For making sense of the terminology, think that X = 1 means that your house is on fire. It is not reasonable to assume a prior probability that X = 1, so that the MAP formulation is not appropriate. Also, the MLE amounts to assuming that P(X = 1) = 1∕2, which is not suitable here. In the hypothesis testing formulation, the goal is to detect a fire with the largest possible probability, subject to a bound on the probability of false alarm. That is, one wishes to make the fire detector as sensitive as possible, but not so sensitive that it produces frequent false alarms.

One has the following useful concept.

Definition 7.2 (Receiver Operating Characteristic (ROC))

If the solution of the problem is PCD = R(β), the function R(β) is called the Receiver Operating Characteristic (ROC). ◇

A typical ROC is shown in Fig. 7.13. The terminology comes from the fact that this function depends on the conditional distributions of Y  given X = 0 and given X = 1, i.e., of the signal that is received about X.

Fig. 7.13
figure 13

The Receiver Operating Characteristic is the maximum probability of correct detection R(β) as a function of the bound β on the probability of false alarm

Note the following features of that curve.
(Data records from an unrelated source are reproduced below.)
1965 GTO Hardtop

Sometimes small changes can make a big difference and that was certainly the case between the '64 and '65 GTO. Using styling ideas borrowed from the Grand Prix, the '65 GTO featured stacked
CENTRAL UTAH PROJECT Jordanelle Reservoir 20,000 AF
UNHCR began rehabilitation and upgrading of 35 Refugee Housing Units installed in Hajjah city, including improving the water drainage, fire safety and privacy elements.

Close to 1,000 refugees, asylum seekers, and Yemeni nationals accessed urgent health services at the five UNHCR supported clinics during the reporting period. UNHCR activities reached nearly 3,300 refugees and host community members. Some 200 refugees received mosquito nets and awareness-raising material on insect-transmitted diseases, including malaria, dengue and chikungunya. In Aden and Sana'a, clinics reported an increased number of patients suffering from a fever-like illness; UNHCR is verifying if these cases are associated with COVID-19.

First, R(1) = 1 because if one is allowed to have PFA = 1, then one can choose \(\hat X = 1\) for all observations; in that case PCD = 1.
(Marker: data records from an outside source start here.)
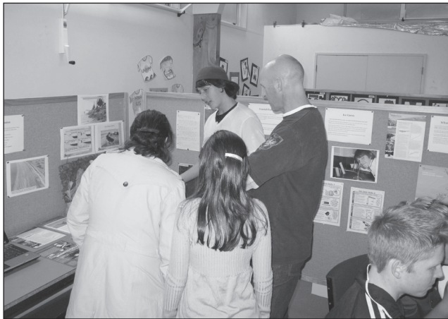
Educating the public about coastal processes at the MBAS Enviro-showcase.

understandings and come to ‘see things in a new light’. Cross-curricular input is essential for this project approach to work – a strategy strongly advocated by the new national curriculum. The real world context of coastal adaptation to change, the opportunity to work with other teachers across the school curriculum, and access to the collective expertise of the CACC team made this collaboration very attractive to the teachers, and so the school and staff accepted the invitation to be involved.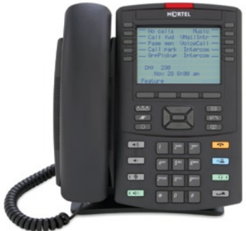
Nortel IP Phone 1230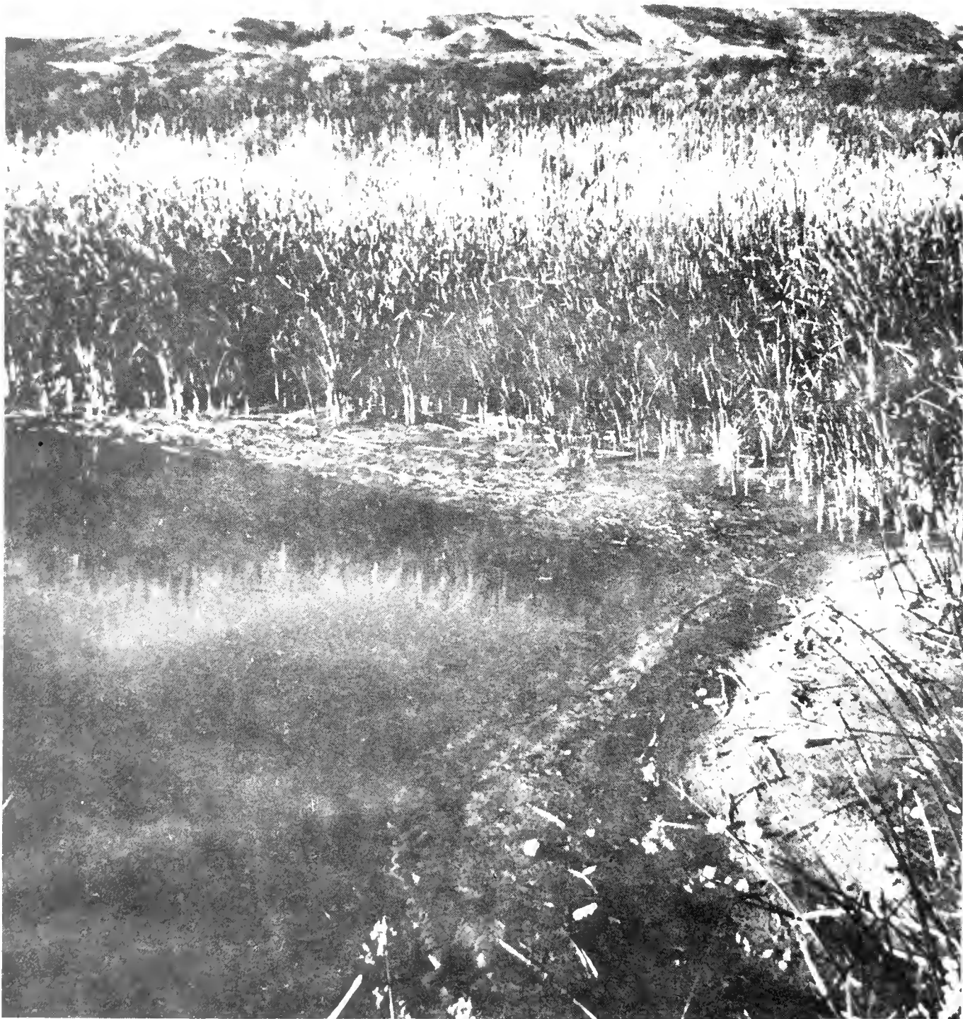
Typical mudflat feeding area for Yuma clapper rails. Vegetation is a mixture of cattails and three-square bulrush.

Second, the function R(β) is concave. To see this, let 0 ≤ β 1 < β 2 ≤ 1 and assume that g i(Y ) achieves P[g i(Y ) = 1|X = 1] = R(β i) and P[g i(Y ) = 1|X = 0] = β i for i = 1, 2. Choose 𝜖 ∈ (0, 1) and define X′ = g 1(Y ) with probability 𝜖 and X′ = g 2(Y ) otherwise. Then,

$$\displaystyle \begin{aligned} P[X' = 1 | X = 0 ] & = \epsilon P[g_1(Y) = 1 | X = 0] + (1 - \epsilon)P[g_2(Y) = 1 | X = 0] \\ & = \epsilon \beta _1 + (1 - \epsilon) \beta_2. \end{aligned} $$

Also,

$$\displaystyle \begin{aligned} P[X' = 1 | X = 1 ] & = \epsilon P[g_1(Y) = 1 | X = 1] + (1 - \epsilon)P[g_2(Y) = 1 | X = 1] \\ & = \epsilon R(\beta_1) + (1 - \epsilon) R(\beta_2). \end{aligned} $$

Now, the decision rule \(\hat X\) that maximizes \(P[\hat X = 1 | X = 1]\) subject to \(P[\hat X = 1 | X = 0] = \epsilon \beta _1 + (1 - \epsilon ) \beta _2\) must be at least as good as X′. Hence,

$$\displaystyle \begin{aligned} R(\epsilon \beta _1 + (1 - \epsilon) \beta_2) \geq \epsilon \beta _1 + (1 - \epsilon) \beta_2. \end{aligned}$$

This inequality proves the concavity of R(β).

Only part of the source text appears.